- _Required action_
Write out exactly the lines from the one containing "As manifestações estão" to the end of the material, both ends included, and nothing else. Leave pictures out.

+++ Raw data +++

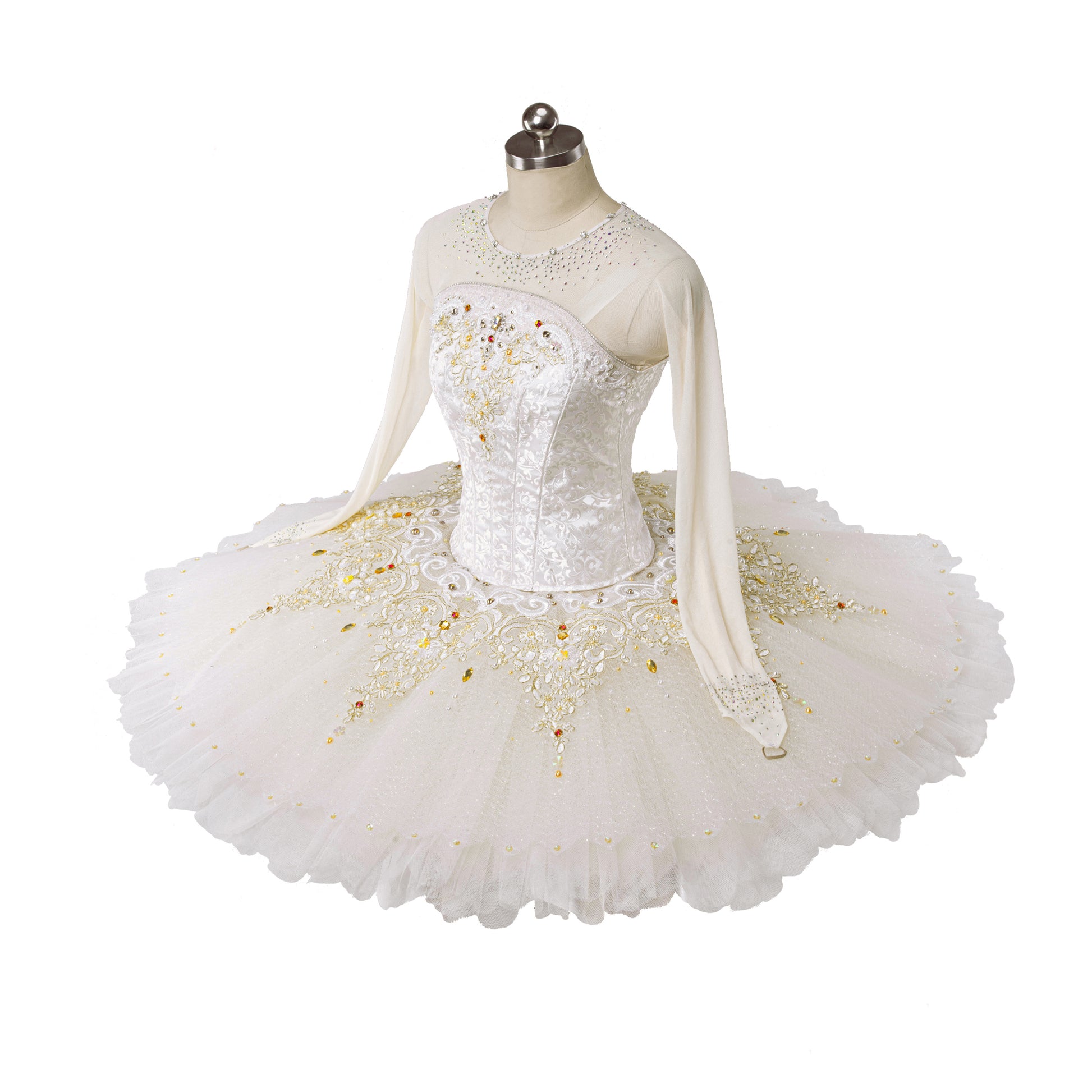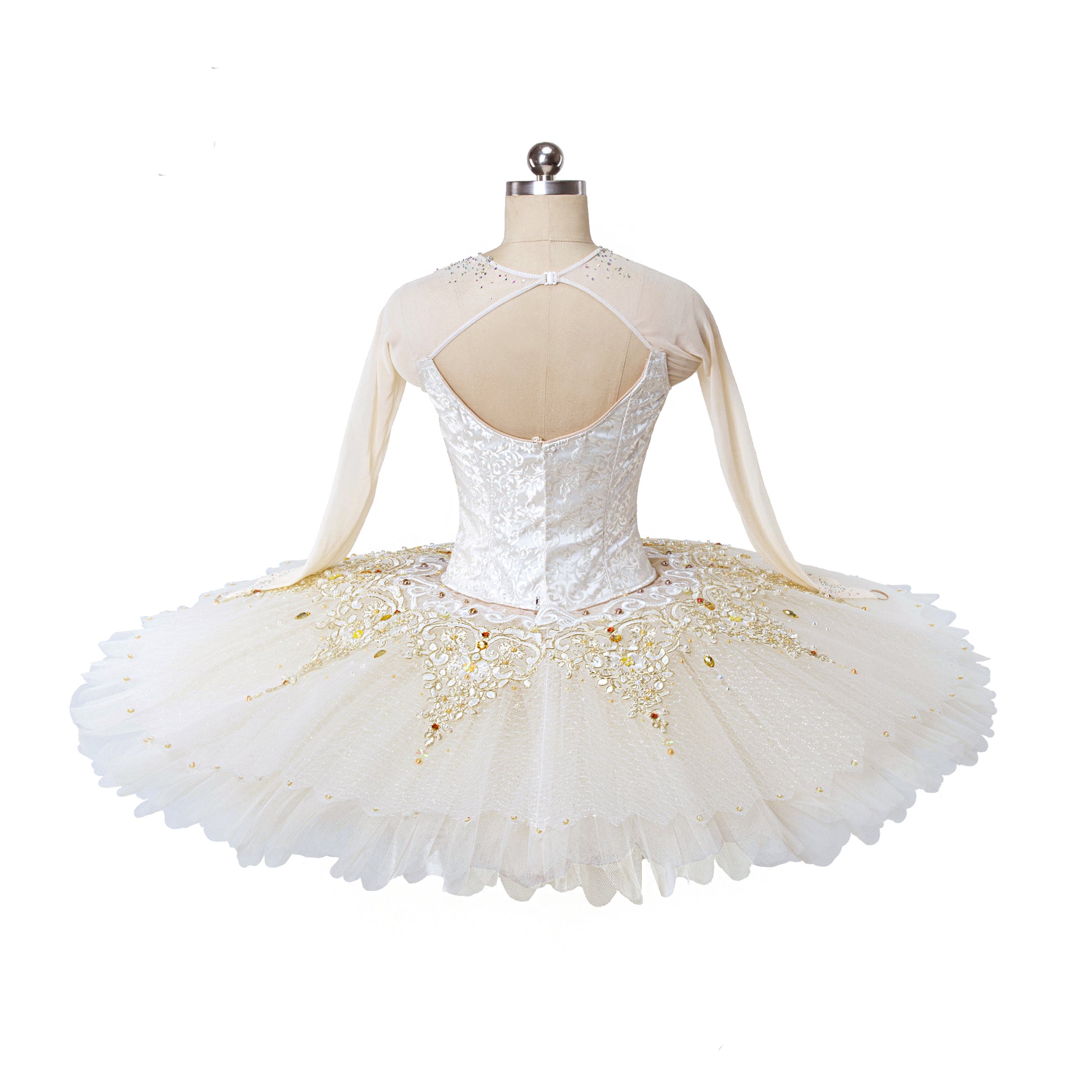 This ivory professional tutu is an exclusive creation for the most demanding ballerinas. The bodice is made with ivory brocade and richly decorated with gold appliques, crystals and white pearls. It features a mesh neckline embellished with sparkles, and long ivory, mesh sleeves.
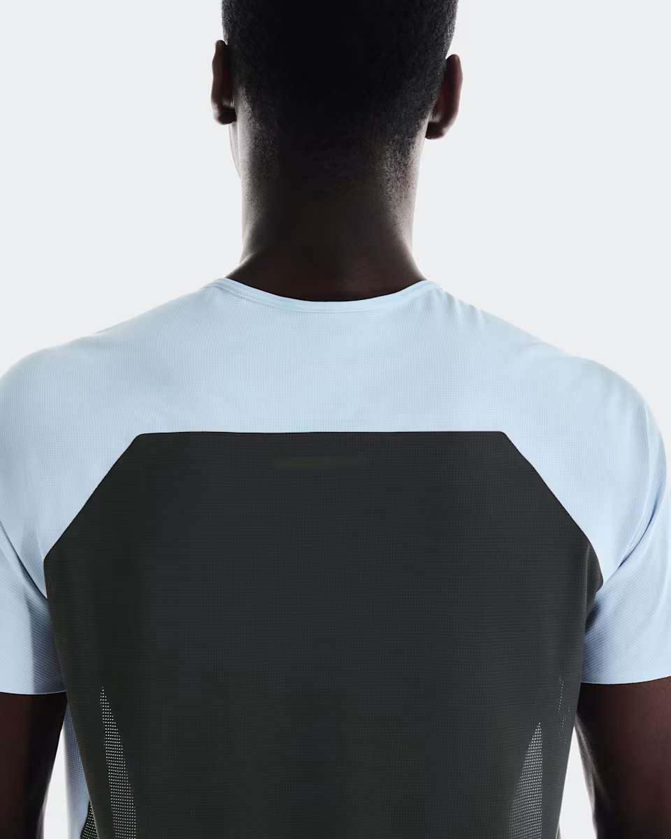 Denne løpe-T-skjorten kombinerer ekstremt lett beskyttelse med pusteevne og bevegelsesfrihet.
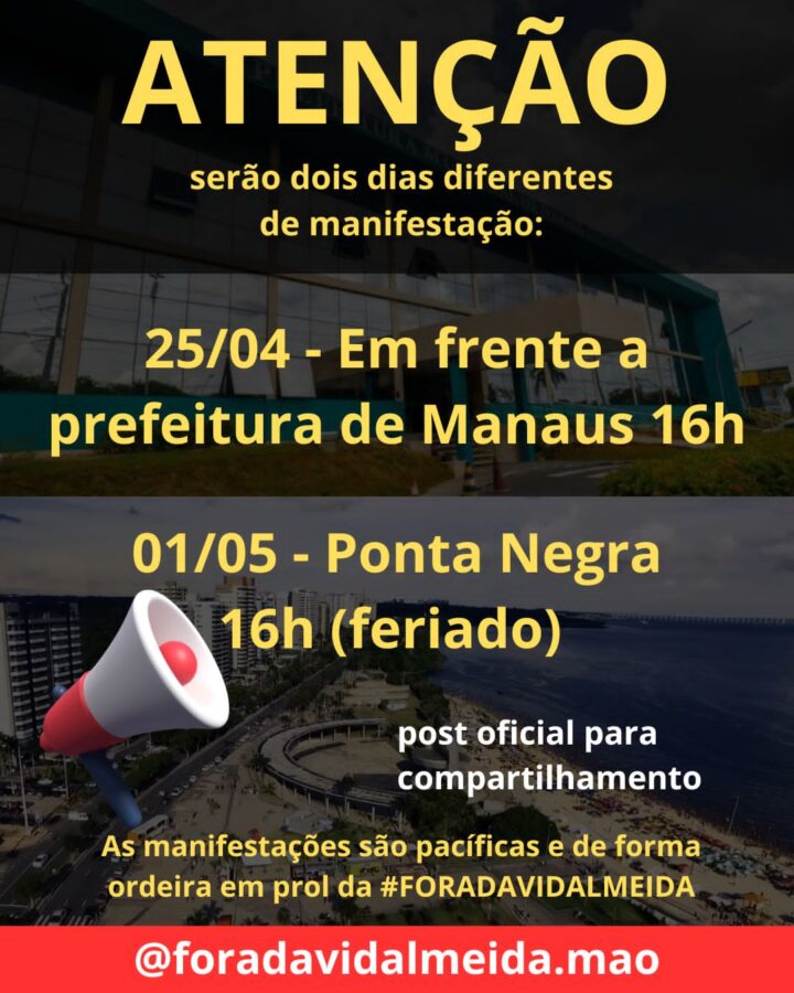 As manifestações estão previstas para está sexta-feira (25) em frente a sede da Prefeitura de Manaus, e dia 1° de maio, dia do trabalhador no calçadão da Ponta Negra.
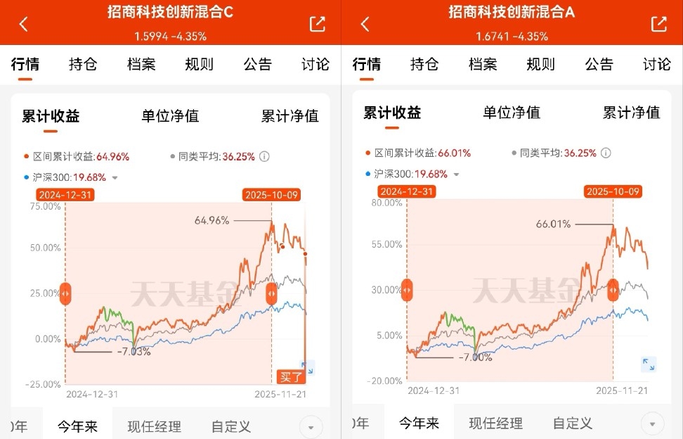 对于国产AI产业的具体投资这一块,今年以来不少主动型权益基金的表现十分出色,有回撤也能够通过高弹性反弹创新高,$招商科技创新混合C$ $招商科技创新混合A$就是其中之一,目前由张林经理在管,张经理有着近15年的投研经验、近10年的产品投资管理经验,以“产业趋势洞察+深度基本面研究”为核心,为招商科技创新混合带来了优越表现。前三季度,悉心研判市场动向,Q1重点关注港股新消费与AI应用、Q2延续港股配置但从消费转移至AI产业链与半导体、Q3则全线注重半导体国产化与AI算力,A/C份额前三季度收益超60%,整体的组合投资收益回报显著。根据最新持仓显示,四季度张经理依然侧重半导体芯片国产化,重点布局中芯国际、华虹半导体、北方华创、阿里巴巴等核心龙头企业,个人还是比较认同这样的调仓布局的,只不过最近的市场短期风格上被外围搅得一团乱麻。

+++

- _Exercise response_
 As manifestações estão previstas para está sexta-feira (25) em frente a sede da Prefeitura de Manaus, e dia 1° de maio, dia do trabalhador no calçadão da Ponta Negra.
 对于国产AI产业的具体投资这一块,今年以来不少主动型权益基金的表现十分出色,有回撤也能够通过高弹性反弹创新高,$招商科技创新混合C$ $招商科技创新混合A$就是其中之一,目前由张林经理在管,张经理有着近15年的投研经验、近10年的产品投资管理经验,以“产业趋势洞察+深度基本面研究”为核心,为招商科技创新混合带来了优越表现。前三季度,悉心研判市场动向,Q1重点关注港股新消费与AI应用、Q2延续港股配置但从消费转移至AI产业链与半导体、Q3则全线注重半导体国产化与AI算力,A/C份额前三季度收益超60%,整体的组合投资收益回报显著。根据最新持仓显示,四季度张经理依然侧重半导体芯片国产化,重点布局中芯国际、华虹半导体、北方华创、阿里巴巴等核心龙头企业,个人还是比较认同这样的调仓布局的,只不过最近的市场短期风格上被外围搅得一团乱麻。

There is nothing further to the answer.